January 12, 2008
Forest gardening is a great concept for the urban gardener with limited space. In the early 1960s, a British gardener named Robert Hart explored the positive relationship that exists between plants in natural woodland systems – from below the ground to the top of the tree canopy. By copying this structure , his concept of the “forest garden” made productive use of limited space and gardening energy to maximize food output in a natural and ecologically sound manner. I’ve translated it to urban jungle terminology for the benefit of us city-dwellers:
- skyscraper: mature fruit trees
- lowrise: dwarf-stock fruit and smaller nut-trees
- street-front: berry bushes
- hydrant level: herbaceous plants
- pavement: groundcover
- subway: underground roots and tubers
- hydro (poles and wires): climbing vines
By planting and growing in layers, especially with native perennial plants, we have a glimpse of the gardener’s nirvana – a perpetually producing, low-maintenance source of sustenance. Our forest garden/urban jungle becomes a place of respite and sanctuary.

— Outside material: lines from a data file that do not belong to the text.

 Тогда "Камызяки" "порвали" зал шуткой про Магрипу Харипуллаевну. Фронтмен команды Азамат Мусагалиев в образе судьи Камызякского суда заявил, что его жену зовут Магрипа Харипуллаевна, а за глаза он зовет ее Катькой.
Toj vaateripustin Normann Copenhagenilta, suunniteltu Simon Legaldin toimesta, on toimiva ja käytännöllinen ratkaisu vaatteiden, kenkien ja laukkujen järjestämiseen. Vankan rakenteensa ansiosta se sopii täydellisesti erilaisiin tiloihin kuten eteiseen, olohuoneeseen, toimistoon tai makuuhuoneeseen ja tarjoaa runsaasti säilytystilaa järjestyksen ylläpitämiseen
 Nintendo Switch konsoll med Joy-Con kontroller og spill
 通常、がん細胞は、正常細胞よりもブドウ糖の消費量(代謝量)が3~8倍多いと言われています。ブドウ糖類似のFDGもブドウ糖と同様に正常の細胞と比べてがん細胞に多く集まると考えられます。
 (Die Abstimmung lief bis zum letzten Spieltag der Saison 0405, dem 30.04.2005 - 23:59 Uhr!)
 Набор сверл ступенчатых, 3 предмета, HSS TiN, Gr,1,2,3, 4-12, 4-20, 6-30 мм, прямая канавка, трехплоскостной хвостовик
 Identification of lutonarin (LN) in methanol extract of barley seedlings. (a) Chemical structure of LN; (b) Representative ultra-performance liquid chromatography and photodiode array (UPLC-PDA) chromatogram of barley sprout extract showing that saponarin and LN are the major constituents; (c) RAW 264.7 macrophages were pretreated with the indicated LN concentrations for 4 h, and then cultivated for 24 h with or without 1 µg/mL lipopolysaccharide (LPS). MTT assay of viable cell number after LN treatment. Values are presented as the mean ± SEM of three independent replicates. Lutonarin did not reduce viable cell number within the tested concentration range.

Quote from The Forest Garden by Robert Hart:
If one is starting a forest garden from scratch, the best way to form a canopy is by planting standard apples, plums, or pears at the recommended spacing; twenty feet each way. Then fruit or nut trees on dwarfing rootstocks can be planted halfway between the standards, to form the ‘low-tree layer,’ and fruit bushes between all the trees to form the ‘shrub layer.’ Herbs and perennial vegetables will constitute the ‘herbaceous layer,’ and horizontally spreading plants like dewberries and other Rubus species, as well as creeping herbs such a buckler-leaved sorrel (Rumex scutatus) and lady’s mantle, will form the ‘ground-cover layer.’ For the root vegetables, mainly radishes and Hamburg parsley, occupying the ‘rhizosphere,’ a low mound can be raised, so that they will not be swamped by the herbs. As for the climbers that constitute the ‘vertical layer’: grapevines, nasturtiums, and runner beans can be trained up the trees, while raspberries and hybrid berries, such as boysenberries and tayberries, can be trained over a trellis fence, forming a boundary to the garden.

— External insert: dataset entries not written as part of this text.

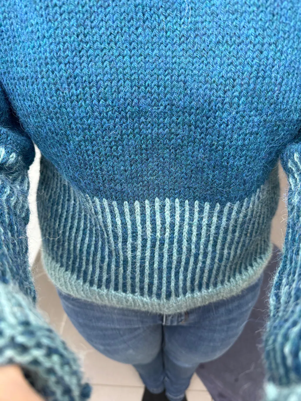 Der Pullover wird in zwei Farben gestrickt: einer Grundfarbe für den oberen Teil des Pullovers, und einer Kontrastfarbe, die im unteren Teil des Pullovers mit der Grundfarbe kombiniert wird.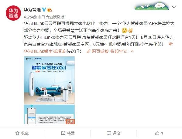 华为智选官方微博宣布,华为HiLink云云互联再添强大家电伙伴—格力!一个“华为智能家居”APP将掌控大部分格力空调。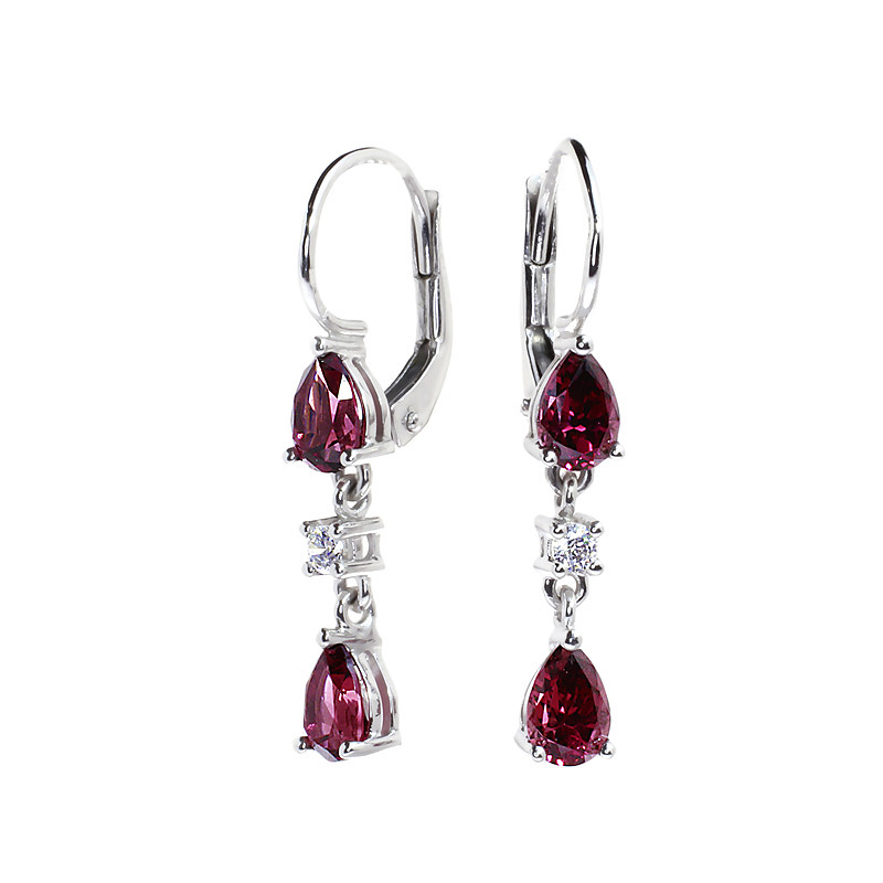Cassis – fehér arany fülbevaló rodolit gránáttal és gyémánttal

I think that these are lovely ideas, and I can only imagine how beautiful his British forest garden was (Robert Hart died in 2000). Now the question for me is, how do I translate these lofty goals to a very small plot of land in an urban setting? I don’t have a pre-existing orchard to work with and I only have room for about two fruit trees. Does that qualify as a forest? I think that the idea of layering in biodiversity vertically as well as horizontally is essential. The Path to Freedom Project seems to be exploring this in depth – I think I’ll head over to their website to check it out.